# Final judgement set for Sept. 22nd!



## peace (Jan 19, 2011)

I can't believe it! My soon to be ex wife now is really facing the music. After she filed for divorce and handed me the MSA along with the parenting plan, she was fired from her job because she had blown all her vacation time and sick time. She used an attorney that worked at her job, this attorney was an attorney for the company and was helping her with the petition. Since she was fired the attorney blew her off because he did not want the company to know that he was helping her on company time.

So she started to be nicer to me and to my brother who is my attorney. My brother told her that this can end nicely if you agree to the counter petition, if not you need to hire an attorney because I can not talk to you about this case for that matter. So when I presented her with the MSA and the parenting plan she accepted and signed it. It was the happiest day of my life, our child will be split 50/50 with no child support.

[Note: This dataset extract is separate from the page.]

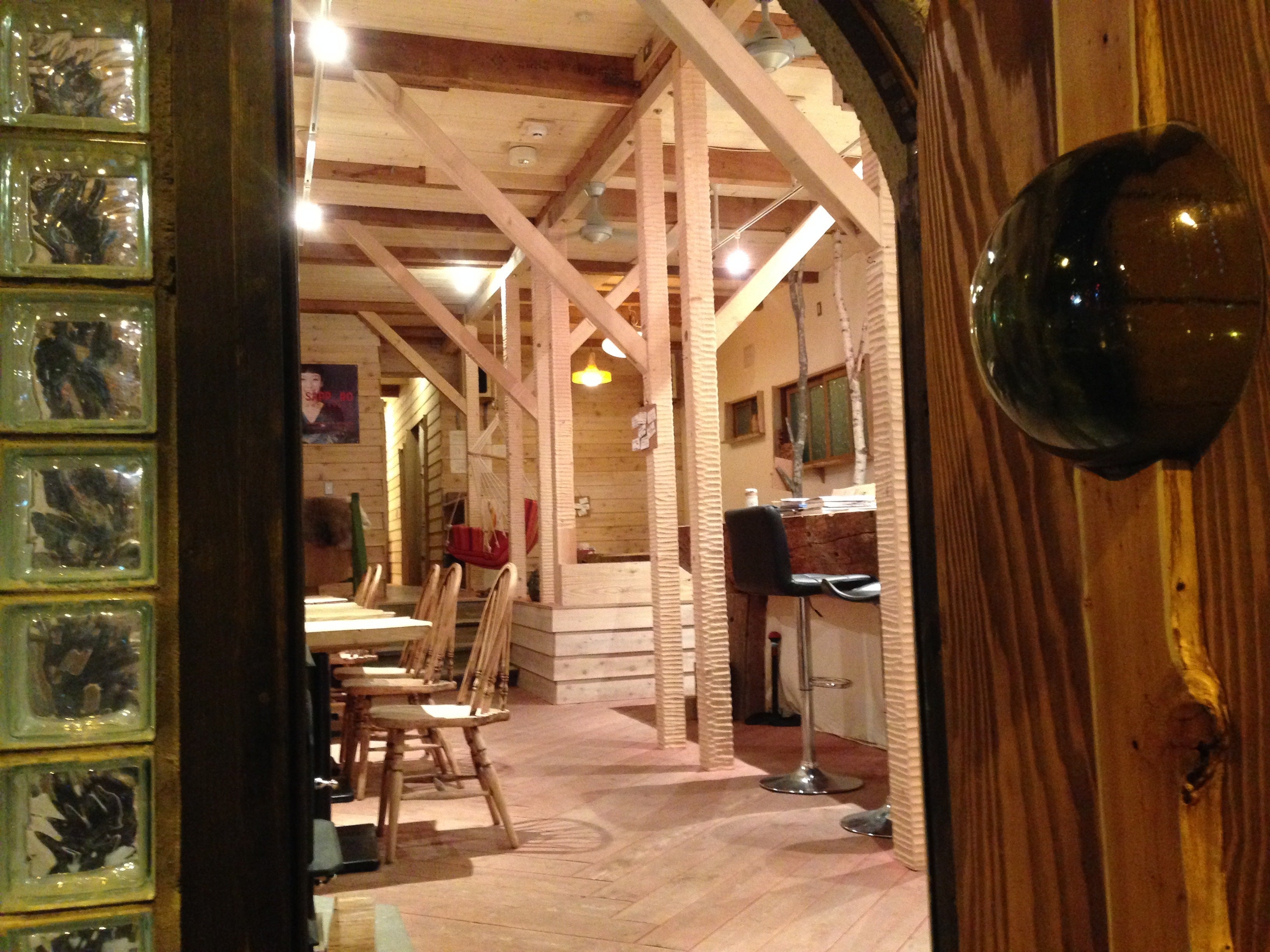 併設のバーレストランでは、樹齢360年の赤エゾ松の巨大カウンターが目を引きます。年輪数えました。専属シェフを抱え、北海道産の海鮮・刺身・燻製・野菜の料理を楽しめます。

I never thought that I could be so happy in my life after all that she has done to me and my daughter. I am looking forward for Sept 22. that will be the start of my new chapter in life. Free from a lying bitc!. I now see the big light in front of me like I never thought I could months ago. I have a huge plan ahead of me and wont reveal it until this hearing is final. I have never been so happy in my life. Thanks to all my TAM friends here for all your support, I could not have done it without you all.


----------



## Ten_year_hubby (Jun 24, 2010)

This is more or less what I offered my wife. Please keep us updated as you unfold your plan. I'm very interested in how this all works out


----------